A deux jours de la fin des JO, le mouvement contre la loi antigay russe semble avoir échoué. Les militants LGBT russes ont de quoi être amers.

L’ex-députée italienne et militante trans Vladimir Luxuria drapée dans un drapeau arc-en-ciel, arrêtée par la police de Sotchi. A deux jours de la cérémonie de clôture, cela restera quasiment l’unique image de solidarité LGBT dans l’enceinte des Jeux olympiques d’hiver 2014. Même le fameux t-shirt du label de fringues américain American Apparel avec le «6» du principe de non-discrimination de la charte olympique est resté invisible dans les tribunes, sans parler des podiums.

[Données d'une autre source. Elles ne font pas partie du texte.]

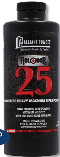
RELODER 25 OPTIMUM LOADS: Magnum rifle
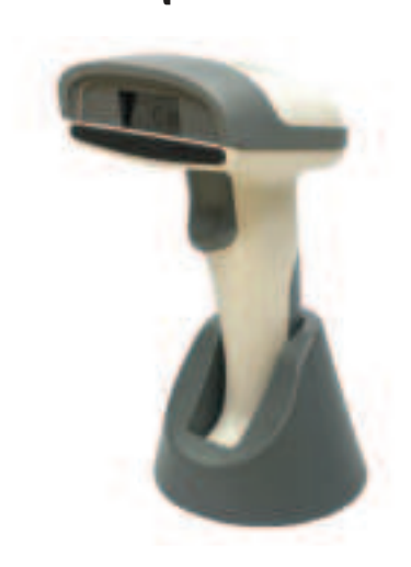
2D WIRELESS SCANNER QUICK GUIDE (REV1)

L’absence de la question gay durant les deux semaines de compétition tranche avec l’effervescence des semaines et des mois qui ont précédé les Jeux. La répression d’initiatives pro-LGBT en Russie a été passée sous silence, comme celle menée le 7 février à Saint-Pétersbourg, où un groupe a été arrêté avant même de pouvoir déployer une banderole sur un pont de la ville. Les militants russes ont de quoi être amers. «Il n’y a eu aucune déclaration forte de la part d’un athlète en faveur des droits de l’homme, des droits des gays et lesbiennes. On espérait davantage», a soupiré la présidente de la Coalition LGBT de Russie, Anastasia Smirnova, comme l’a relevé le journal canadien «La Presse».

Agacement
Le verrouillage policier, la mise en garde du CIO contre toute manifestation «politique» expliquent-ils ce silence? Pas seulement. Interrogés par les médias, plusieurs des rares athlètes «out» en lice ont exclu – avec un certain agacement – d’élever leur voix pour les droits des LGBT. Au cours d’une soirée organisée pour fêter sa médaille d’or, la patineuse néerlandaise Ireen Wüst a même fini par «faire un câlin» au président russe en personne, et à le féliciter pour ses Jeux.

Ceux qui rêvaient, il y a quelques mois encore, d’un grand boycott des JO du Tsar Poutine en seront pour leurs frais.

Autoritarisme et corruption
Dans leur démesure et leur absurdité, les Jeux de Sotchi auront achevé de convaincre une bonne partie du monde de la nature autoritaire et corrompue du régime russe. Mais au final, c’est surtout la réputation du CIO qui aura souffert. Le Comité a finalement admis du bout des lèvres qu’un débat devrait être lancé sur l’opportunité de confier les olympiades à un régime homophobe. Et pendant ce temps en Russie même, le maître du Kremlin, autoproclamé «rempart contre la décadence», est plus populaire que jamais.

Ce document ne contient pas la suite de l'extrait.